Нарсисо продолжал вещать как заведенный. С йохимбе он перекинулся на японскую рыбу фугу, живой афродизиак, употребление которого, помимо невиданной половой мощи, чревато смертельным отравлением — он каждый год уносит сотни похотливых японцев, — и рассказал о том, какой кошмар ему довелось пережить одной фантастической ночью в Киото, когда он в окружении завернутых в кимоно гейш ждал то ли лютой смерти, то ли невиданных наслаждений (выпал второй вариант, но от переживаний наслаждения показались какими-то смазанными). Ильзе, стройная блондинка, бывшая стюардесса «Люфтганзы», валькирия с капелькой креольской крови, воспринимала рассказ о прежних похождениях мужа с редким самообладанием. Это она (сговорившись с мужем?) после обильного десерта предложила продолжить вечер в их особняке в Ла-Планисье. Дон Ригоберто, зараженный энтузиазмом Лукреции, воскликнул: «Отличная идея!» — и не заподозрил подвоха.

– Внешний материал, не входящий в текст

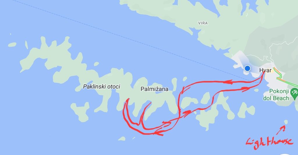 We set out at 10am under motor, there wasn’t really any wind. As we got out of Hvar Harbour Rocco pointed out a small island to our left, it was a rocky outcrop with a lighthouse on it, this was the most eastern of the Pakleni Islands.
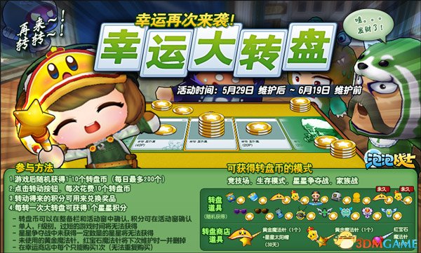 我转~我转~我转转转~幸运大转盘又开启啦!本次加入了星光闪耀的星星道具和红宝石魔法针,等你来赢取!只要在竞技场、生存模式、星星争夺战、家族战就可以获得转盘币。马上投币转出你的幸运吧!
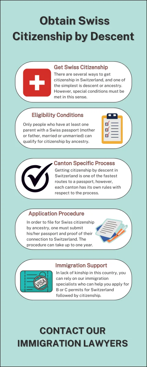Contact us for assistance in navigating the process of acquiring citizenship by descent in Switzerland. Our team of immigration lawyers specializes in guiding individuals through the intricate steps involved in proving Swiss lineage and securing citizenship based on parental nationality. With our assistance, you can streamline the application process and confidently pursue your Swiss citizenship by descent.

Через полчаса компания расположилась на мягких диванах в кошмарной гостиной Ильзе и Нарсисо, являвшей собой смесь перуанской неуемности и прусской любви к порядку; потягивая виски в окружении равнодушных чучел со стеклянными глазами, они слушали Нэта Кинга Коула и Фрэнка Синатру и любовались видом из окна, где в ухоженном саду поблескивала под фонарем вода в выложенном изразцами бассейне. Нарсисо сыпал сведениями об афродизиаках с таким проворством, с каким Великий Рикарди — дон Ригоберто мечтательно вздохнул, вспомнив цирк своего детства, — доставал из цилиндра разноцветные платки, мешая общеизвестные истины с экзотическими небылицами. Он заявил, что на юге Италии каждый мужчина на протяжении всей жизни постоянно употребляет в пищу базилик, ибо эта ароматная травка влияет не только на вкус спагетти, но и на размер пениса, и что в Индии на рынке можно купить особую мазь — ее принято дарить друзьям на пятидесятилетие — на основе чеснока и обезьяньей желчи, после втирания которой в причинное место эрекции следуют одна за другой, с интенсивностью аллергических приступов. Затем последовало изнурительно долгое описание достоинств сельдерея, корейского женьшеня, имбиря, лакрицы, меда, устриц, трюфелей и икры, так что после трехчасовой лекции дон Ригоберто нисколько не сомневался, что все имеющиеся на земле продукты существуют лишь для того, чтобы питать сексуальную энергию на радость всему человечеству (и в первую очередь ему самому).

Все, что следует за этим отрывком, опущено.